> **Task**: Exclude the pictures, then repeat the remaining data exactly.
-------- Data below
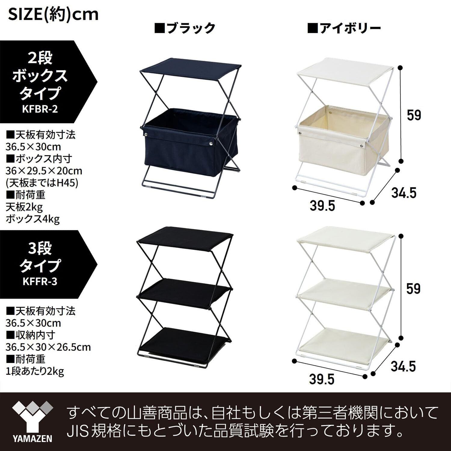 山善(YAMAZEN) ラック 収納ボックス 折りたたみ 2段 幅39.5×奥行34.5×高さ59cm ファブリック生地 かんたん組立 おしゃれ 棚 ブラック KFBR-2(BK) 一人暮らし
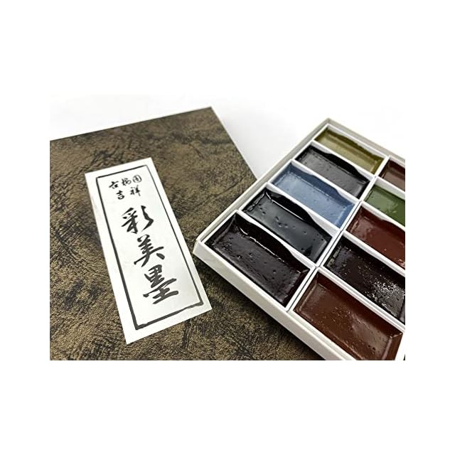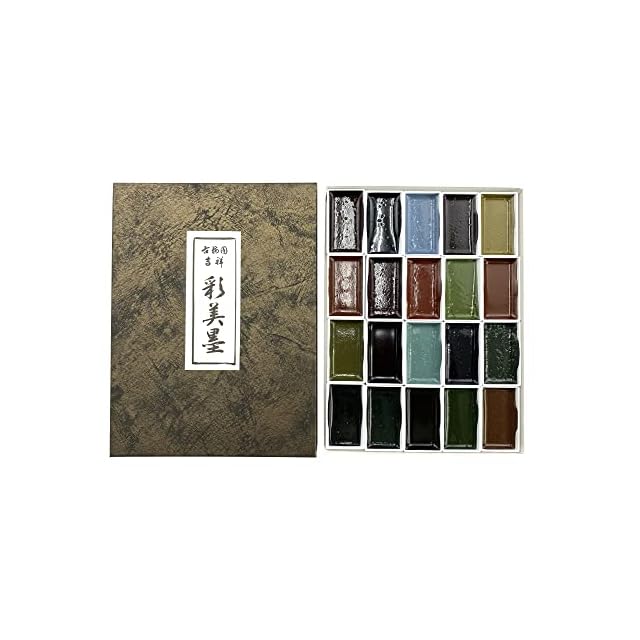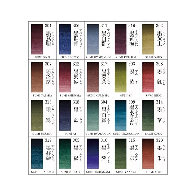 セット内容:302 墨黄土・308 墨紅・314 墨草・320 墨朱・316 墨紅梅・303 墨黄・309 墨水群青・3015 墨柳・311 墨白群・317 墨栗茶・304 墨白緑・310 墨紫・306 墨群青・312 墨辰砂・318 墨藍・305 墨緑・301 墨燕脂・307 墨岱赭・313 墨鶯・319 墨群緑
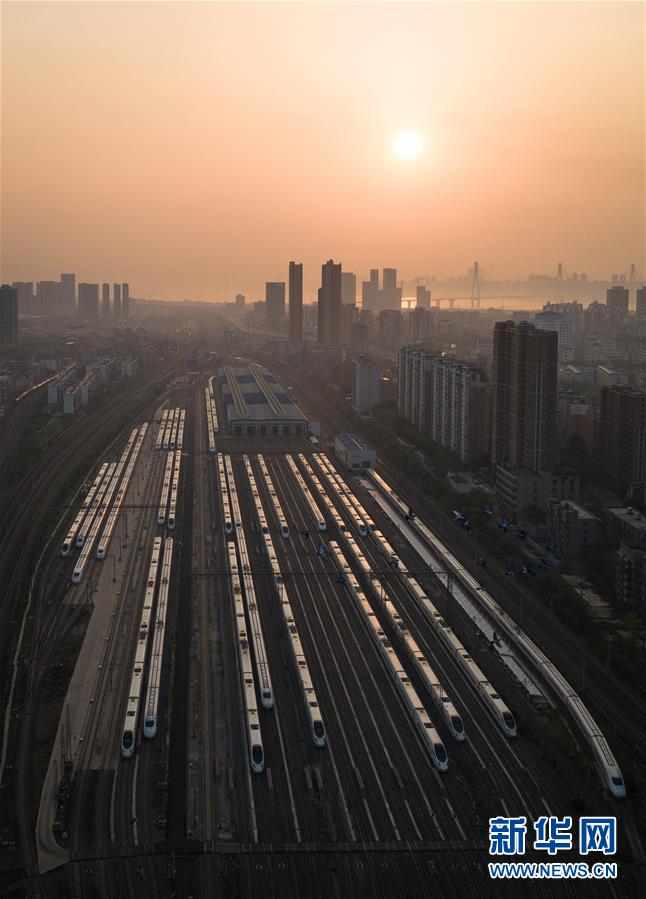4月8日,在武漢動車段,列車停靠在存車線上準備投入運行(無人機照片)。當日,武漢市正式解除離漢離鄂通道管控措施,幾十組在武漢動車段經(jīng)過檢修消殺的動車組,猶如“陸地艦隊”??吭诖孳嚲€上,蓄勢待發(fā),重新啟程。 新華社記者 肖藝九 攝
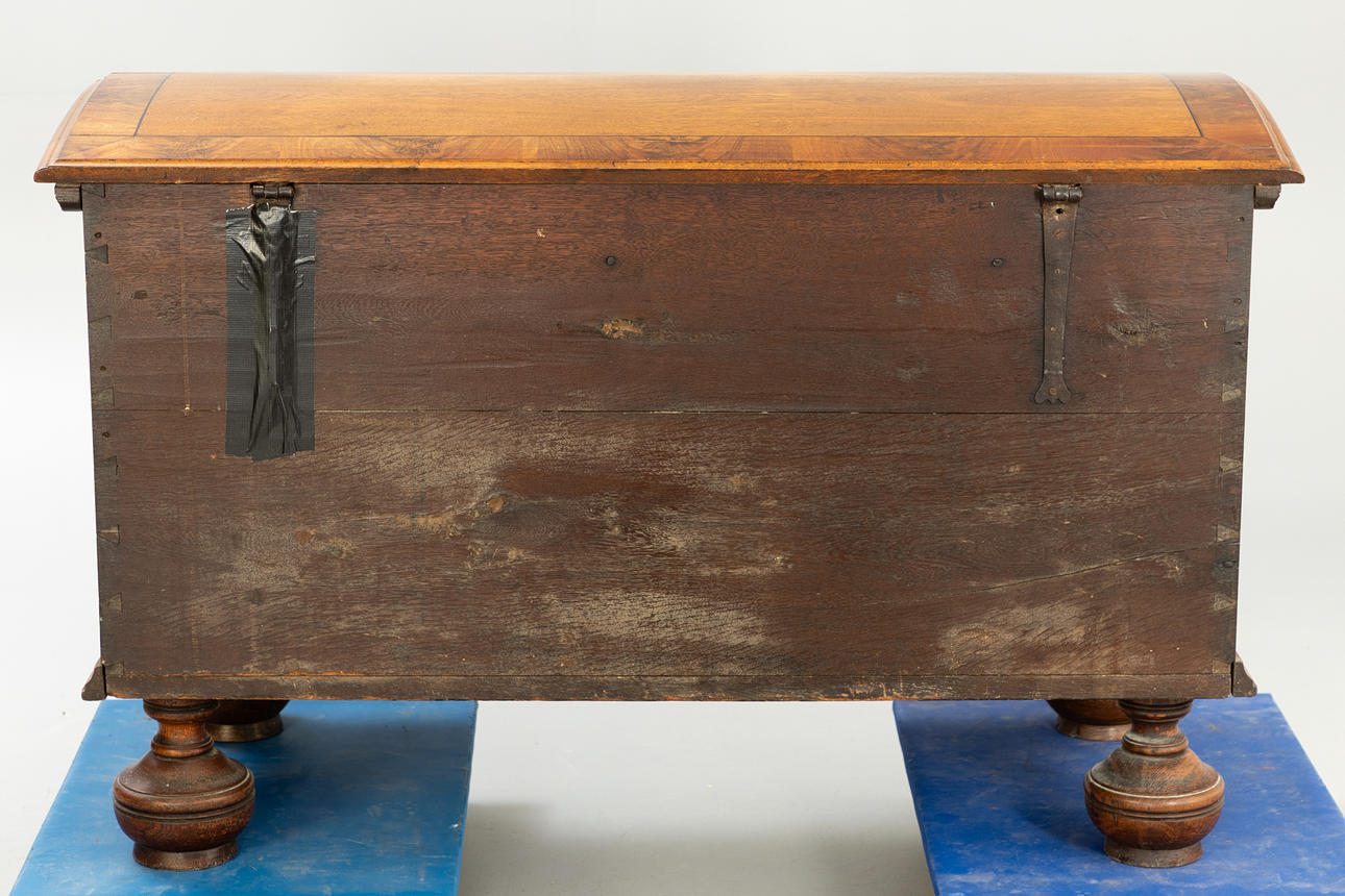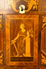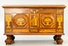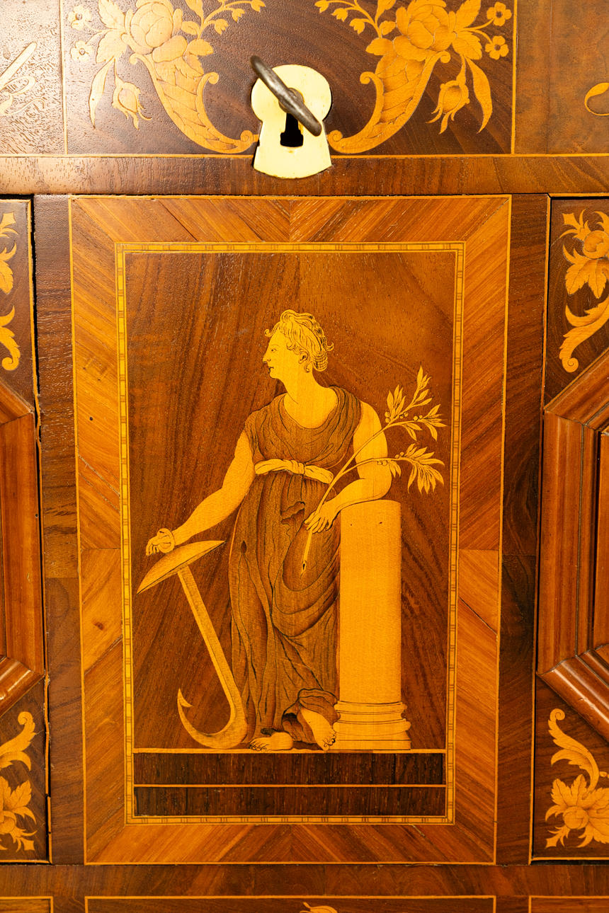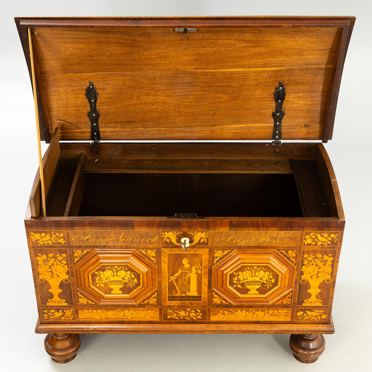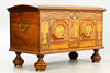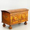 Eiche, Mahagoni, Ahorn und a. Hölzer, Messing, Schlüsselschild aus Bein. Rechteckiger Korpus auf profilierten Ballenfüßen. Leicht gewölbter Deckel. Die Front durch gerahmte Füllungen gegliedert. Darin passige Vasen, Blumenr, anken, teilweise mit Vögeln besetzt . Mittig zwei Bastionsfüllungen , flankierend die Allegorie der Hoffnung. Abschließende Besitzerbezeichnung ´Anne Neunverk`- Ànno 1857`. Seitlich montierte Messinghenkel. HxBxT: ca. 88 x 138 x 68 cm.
----------------
> **Task solution**:
 山善(YAMAZEN) ラック 収納ボックス 折りたたみ 2段 幅39.5×奥行34.5×高さ59cm ファブリック生地 かんたん組立 おしゃれ 棚 ブラック KFBR-2(BK) 一人暮らし
 セット内容:302 墨黄土・308 墨紅・314 墨草・320 墨朱・316 墨紅梅・303 墨黄・309 墨水群青・3015 墨柳・311 墨白群・317 墨栗茶・304 墨白緑・310 墨紫・306 墨群青・312 墨辰砂・318 墨藍・305 墨緑・301 墨燕脂・307 墨岱赭・313 墨鶯・319 墨群緑
4月8日,在武漢動車段,列車停靠在存車線上準備投入運行(無人機照片)。當日,武漢市正式解除離漢離鄂通道管控措施,幾十組在武漢動車段經(jīng)過檢修消殺的動車組,猶如“陸地艦隊”??吭诖孳嚲€上,蓄勢待發(fā),重新啟程。 新華社記者 肖藝九 攝
 Eiche, Mahagoni, Ahorn und a. Hölzer, Messing, Schlüsselschild aus Bein. Rechteckiger Korpus auf profilierten Ballenfüßen. Leicht gewölbter Deckel. Die Front durch gerahmte Füllungen gegliedert. Darin passige Vasen, Blumenr, anken, teilweise mit Vögeln besetzt . Mittig zwei Bastionsfüllungen , flankierend die Allegorie der Hoffnung. Abschließende Besitzerbezeichnung ´Anne Neunverk`- Ànno 1857`. Seitlich montierte Messinghenkel. HxBxT: ca. 88 x 138 x 68 cm.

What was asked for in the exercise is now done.